As tornado season approaches, university officials said they want students to feel prepared and capable in extreme weather situations.
Because of this winter’s weak La Niña, the state should expect about 20 tornadoes in April and the same amount in May, said Damon Lane, chief meteorologist for KOCO 5 News, in a forecast report.
La Niña refers to a warming of the ocean’s surface, typically causing warmer temperatures during winter, which leads to disruption in air movements and precipitation.
In Oklahoma, a weak La Niña usually means an increase in April tornadoes instead of the usual greater concentration in May, Lane said. The last weak La Niña occurred in 2012, when the state saw 54 tornadoes in April and only three in May.
Students will receive texts or emails via the Blue Alert emergency notification system in the case of severe weather that warrants class cancellation or university closure. Provost Kent Buchanan makes all decisions regarding closings and delays. If classes continue and students do not feel safe traveling to campus, they should contact individual professors about how to make up missed work, according to the university’s inclement weather policy.
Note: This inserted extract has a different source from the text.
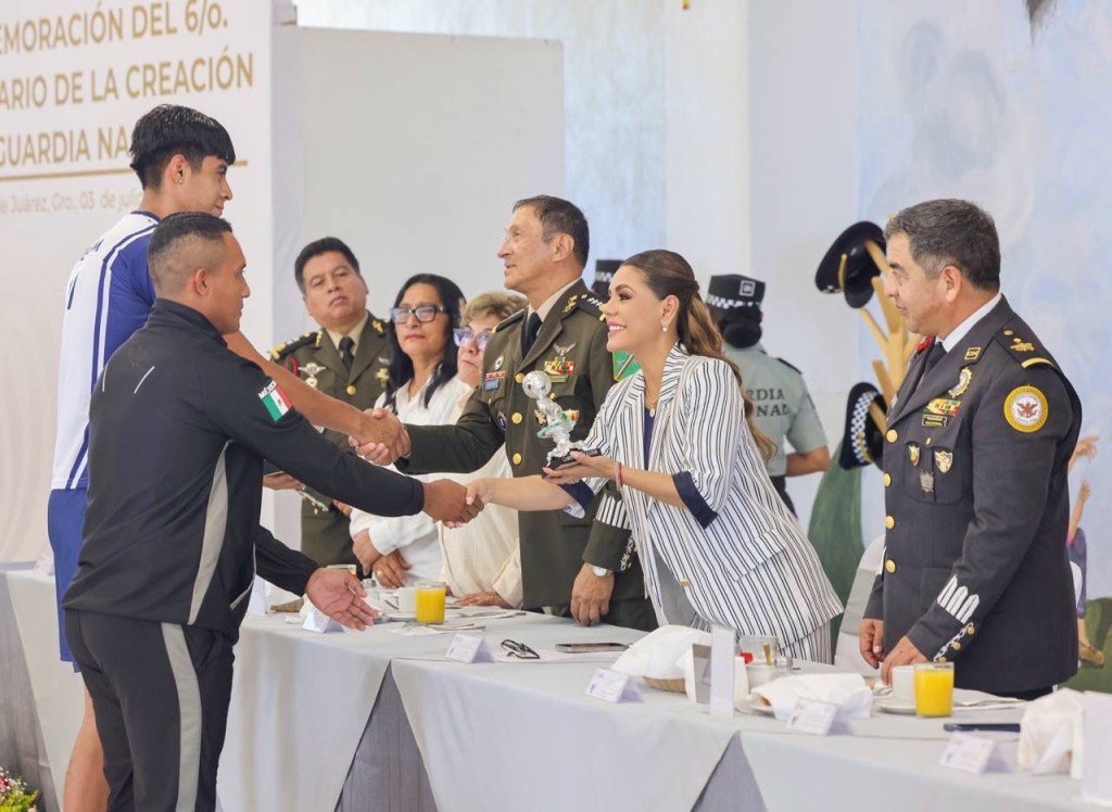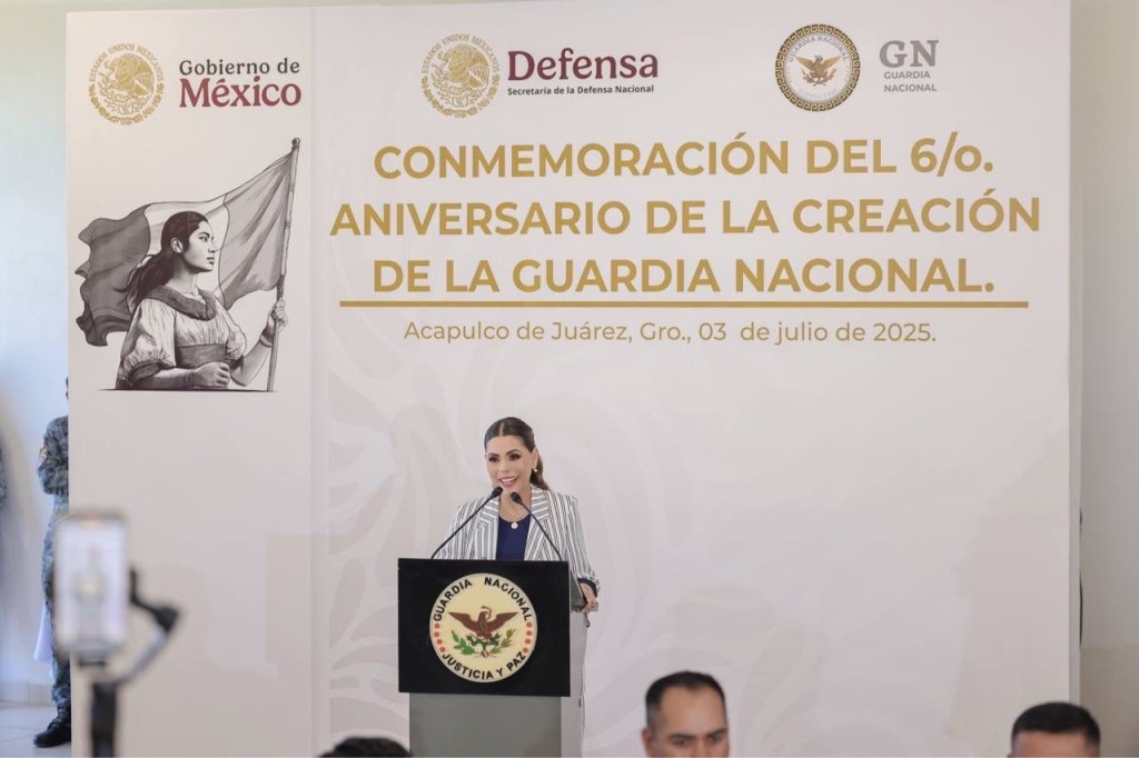 Acapulco, Gro., 3 de julio de 2025.- “Hoy más que nunca, Guerrero reconoce a la Guardia Nacional; la reconoce como una fuerza viva de cambio, como una realidad con uniforme, con botas, con manos, pero sobre todo, con mucho corazón en el territorio. Son ustedes la transformación, que no queda en promesas, la que se juega el cuerpo por hacer Patria”, expresó la gobernadora Evelyn Salgado Pineda, durante la Ceremonia de Conmemoración del Sexto Aniversario de la Creación de la Guardia Nacional, en donde también agradeció todo el trabajo y coordinación a favor de la población en materia de seguridad, proximidad social y apoyo en casos de desastres.

Lee Brown, university risk manager, encouraged students to stay weather aware.
“It’s not as likely as you think it’s going to be, but if sirens sound near campus, take shelter and remain calm,” Brown said. “Remember that Oklahoma County has a new siren policy, so if you hear a siren on campus, it means the tornado is in this section of the county.”
The policy, adopted in late 2015, divides Oklahoma County into zones. If the National Weather Service issues a tornado warning for an area, sirens will only sound in that zone, as opposed to the entire county as it did before.
A tornado warning means that a tornado was sighted or shown on a radar, whereas a tornado watch means that weather conditions exist for a tornado to develop.
Some students said they do not feel in danger around tornadoes, even during a warning.
“They don’t freak me out as much as they should because they don’t really ever get to campus,” said Shelby McCarver, acting sophomore. “But, if I were in a tornado, I would want to go to Bass. There’s something I like about the idea of sleeping wrapped in a blanket in a practice room while a music major lulls me to sleep.”
The best protection during a tornado warning is an underground shelter or steel-framed building. The school’s crisis management plan directs students to avoid gymnasiums and auditoriums with large, less supported roofs.
If someone does not have time to find a basement, they should go to their building’s ground floor, find a central room away from windows and take cover under heavy furniture. In an outdoor situation where there is no time to reach a building, take cover and lie in a ditch.